Federated Client-tailored Adapter for Medical Image Segmentation
Guyue Hu, Siyuan Song, Yukun Kang, Zhu Yin, Gangming Zhao, Chenglong Li, Jin Tang
TL;DR
This work tackles the challenge of privacy-preserving medical image segmentation across heterogeneous data islands by introducing a Federated Client-tailored Adapter (FCA). FCA leverages off-the-shelf medical foundation models with lightweight adapters and uses a Global-local Decomposer to separate common and individual parameter components, enabling stable, client-specific segmentation models. It introduces two updating strategies, Binary Federated Updating (BFU) and Smooth Federated Updating (SFU), to realize fine-grained, client-tailored federated learning and mitigate client drift. Extensive experiments on CXRS-HG, HLS, and AMD-SD-HG show that FCA achieves state-of-the-art performance with robust handling of class imbalance and distribution diversity, while generalizing across multiple MFMs and maintaining practical efficiency.
Abstract
Medical image segmentation in X-ray images is beneficial for computer-aided diagnosis and lesion localization.
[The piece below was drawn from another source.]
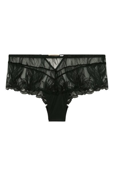 Трусы из эластичной сетки украшены французской вышивкой в виде переплетенных листьев. Сзади узорный материал оттенили гладким тюлем, а треугольный вырез подчеркнули перемычкой с золотистым декором. Белье из линии Into The Groove дополнено хлопковой ластовицей.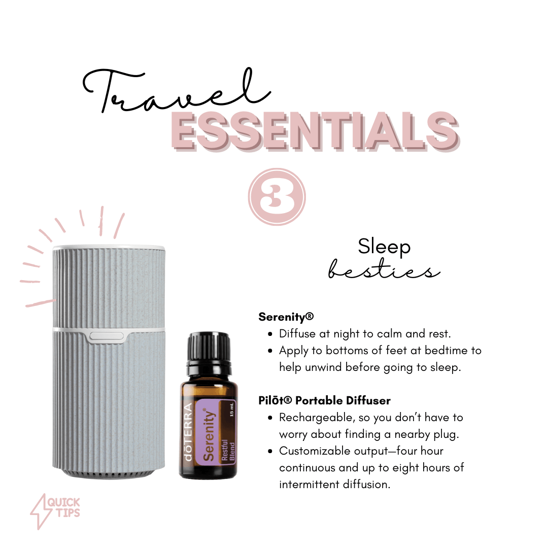 Sleep isn't always something that comes easy when you travel, especially if kids are involved. My kids are always complaining that someone is breathing too loud, snoring, tossing and turning, etc. Serenity and my diffuser to the rescue. A drop on everyone's feet before bed and a full diffuser helps so much. Don't forget your diffuser, trust me.

Existing methods mainly fall into a centralized learning paradigm, which is inapplicable in the practical medical scenario that only has access to distributed data islands. Federated Learning has the potential to offer a distributed solution but struggles with heavy training instability due to client-wise domain heterogeneity (including distribution diversity and class imbalance). In this paper, we propose a novel Federated Client-tailored Adapter (FCA) framework for medical image segmentation, which achieves stable and client-tailored adaptive segmentation without sharing sensitive local data. Specifically, the federated adapter stirs universal knowledge in off-the-shelf medical foundation models to stabilize the federated training process. In addition, we develop two client-tailored federated updating strategies that adaptively decompose the adapter into common and individual components, then globally and independently update the parameter groups associated with common client-invariant and individual client-specific units, respectively. They further stabilize the heterogeneous federated learning process and realize optimal client-tailored instead of sub-optimal global-compromised segmentation models. Extensive experiments on three large-scale datasets demonstrate the effectiveness and superiority of the proposed FCA framework for federated medical segmentation.